Experimental validation (PCR) of polymorphic MSs. Left lanes show PCR products from indica cv. 9311, and right lanes are samples from japonica cv. Nipponbare. MS involved MNR (P005, P010), DNR (P041, P031, P050, P043, P009, P039, P026, P040, P025, P024, P027), TNR (P055, P058, P062), TTR (P077), and other complex MS (P008, P095, P097, P100). Four PCR products for 9311 (P025, P026, P058, P062) and two for Nipponbare (P025, P058) showed complex band patterns and seven products (P008, P010, P025, P050, P055, P058, P062) appeared polymorphic.

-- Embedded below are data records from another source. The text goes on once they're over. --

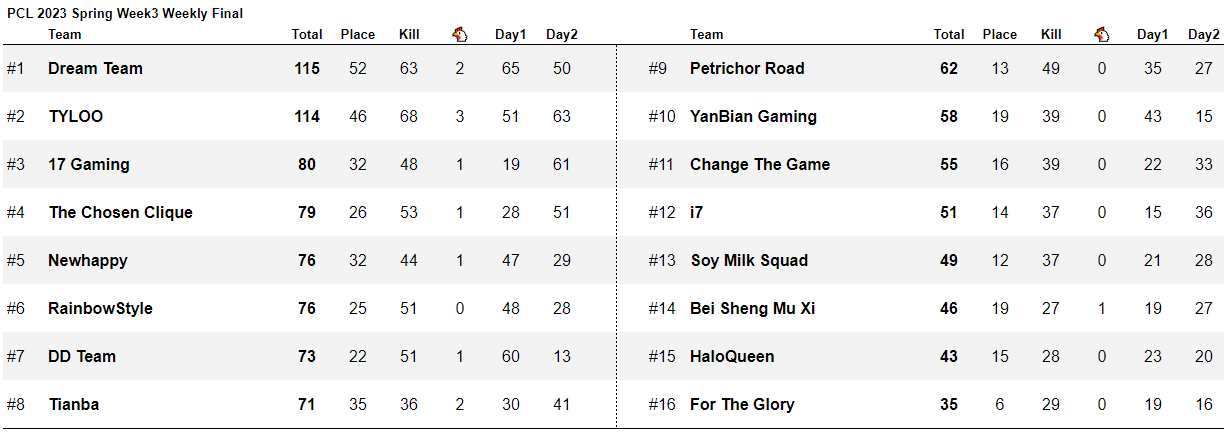 【大会データ】 PCL 2023 Spring Week3 Weekly Final データまとめ【PUBG】 2023年 X Facebook はてブ LINE コピー2023.03.29スポンサーリンク PUBG プロチームロースター情報 23年秋季 韓国チーム編【PC版】 2023.09.212023.09.28 【PUBG】Phase2 PJC~ PWS Week2 データまとめ 2022.08.022022.10.08 PGS2 Qualifiers【PUBG PC版大会情報】 2023.06.072023.06.23 今回は PCL 2023 Spring Weekly Final Week2 のデータをまとめました。Week1の記事はこちら↓【大会データ】 PCL 2023 Spring Week1 Weekly Final データまとめ【PUBG】今回は PCL 2023 Spring Week1 Weekly Final のデータをまとめました。NHがDay1(6試合) に99ptを獲得するなど、圧倒的な力を見せて見事Week1 のWeekly Finalを制しました。強豪が多い中...Week2の記事はこちら↓【大会データ】 PCL 2023 Spring Week2 Weekly Final データまとめ【PUBG】今回は PCL 2023 Spring Weekly Final Week2 のデータをまとめました。Week1の記事はこちら↓得点表順位表MatchスタッツMapごとの得点累計ptグラフ生存スタッツ各順位獲得回数生存時間、移動距離ダメージ...目次得点表順位表MatchスタッツMapごとの得点累計ptグラフ生存スタッツ各順位獲得回数生存時間、移動距離ダメージスタッツ各種ダメージダメージ内訳個人表彰投擲物スタッツ終わり得点表順位表MatchスタッツMapごとの得点累計ptグラフ生存スタッツ各順位獲得回数生存時間、移動距離ダメージスタッツ各種ダメージダメージ内訳個人表彰投擲物スタッツ終わりここまで読んでいただいた方、ありがとうございます。データはtwire様のものを使用しています。
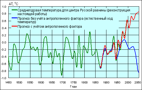 История и прогноз колебаний среднегодовой температуры на территории Русской равнины с учётом и без учёта влияния антропогенного фактора
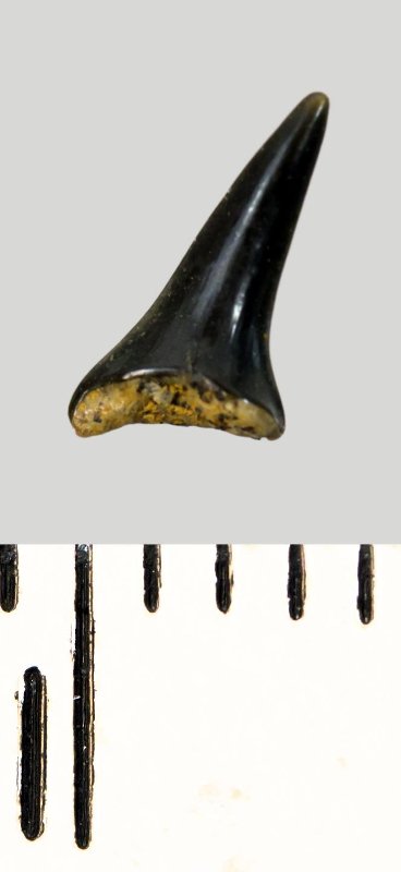 Зуб (фрагмент). Акула. Eostriatolamia subulata (Agassiz, 1843). Классификация: Хордовые Chordata, Позвоночные Vertebrata, Хрящевые рыбы Chondrichthyes, Пластиножаберные Elasmobranchii, Акулы Selachii, Ламнообразные Lamniformes, Песчаные акулы Odontaspididae
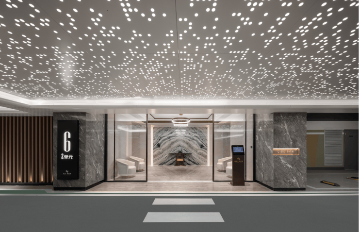 绿城黄浦湾地库入口及楼栋入户光厅均采用星空顶设计,地库入口墙面设计了灯光拉线,公共过道区域都采用了格栅吊顶和灯带,质感十足。
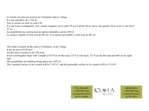 It has a rectangular shape with a length of 147 ft m on the road, 131 ft on the back, 111 ft on the left side and 88ft on the right
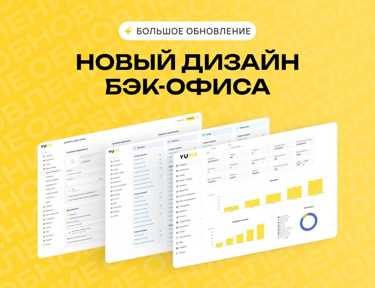 YUMA запустила масштабное обновление бэк-офиса. Мы старались сделать его использование более «чистым» и интуитивно понятным за счет переработки расположения элементов управления и визуала.
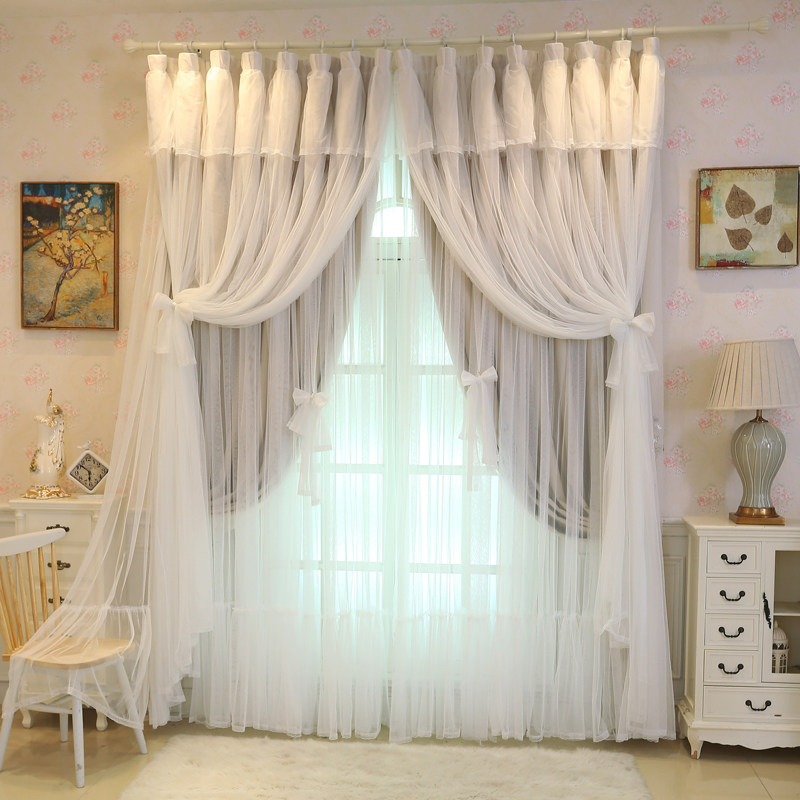 淘宝简约现代婚房公主风飘窗窗帘卧室少女纱帘清新甜美全遮光网红窗帘
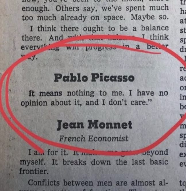 The New York Times ran some interviews, asking famous people to comment on this milestone in history. One of those was the renowned artist Pablo Picasso, who reportedly responded to the moon landing with a shrug, saying:

Comparison of MSs identified in indica were made with different cut-off values. MS polymorphisms have two basic parameters, types of the repeat units and numbers of units. By adjusting cut-off values for the number of repeat units toward a lower boundary, we discovered more polymorphic MS loci that are both highly polymorphic and can be uniquely identified in the genomes. We did try to define Class 1 MS by using a standard protocol, but only detected 417 MNRs, 2747 DNRs, and 1345 TNRs in the indica genome assembly. In this report, we found that when the MNR length reaches 10 bp, the polymorphism numbers increases up to 23 324 for MNR with a length of 10 bp, 3825 for DNR with a length of 7 bp, and 2638 for TNR with a length of 6 bp (Table 3). It was evident that polymorphism counts of most Class II MNRs, DNRs, and TNRs are far higher than those of many Class I MS; the result suggests that different numbers of repeat units should be used for screening different MS types as genetic markers, such as 10 for MNRs, 7 for DNRs, 7 for TNRs, 6 for TTRs, 5 for PNRs, and 5 for HNRs.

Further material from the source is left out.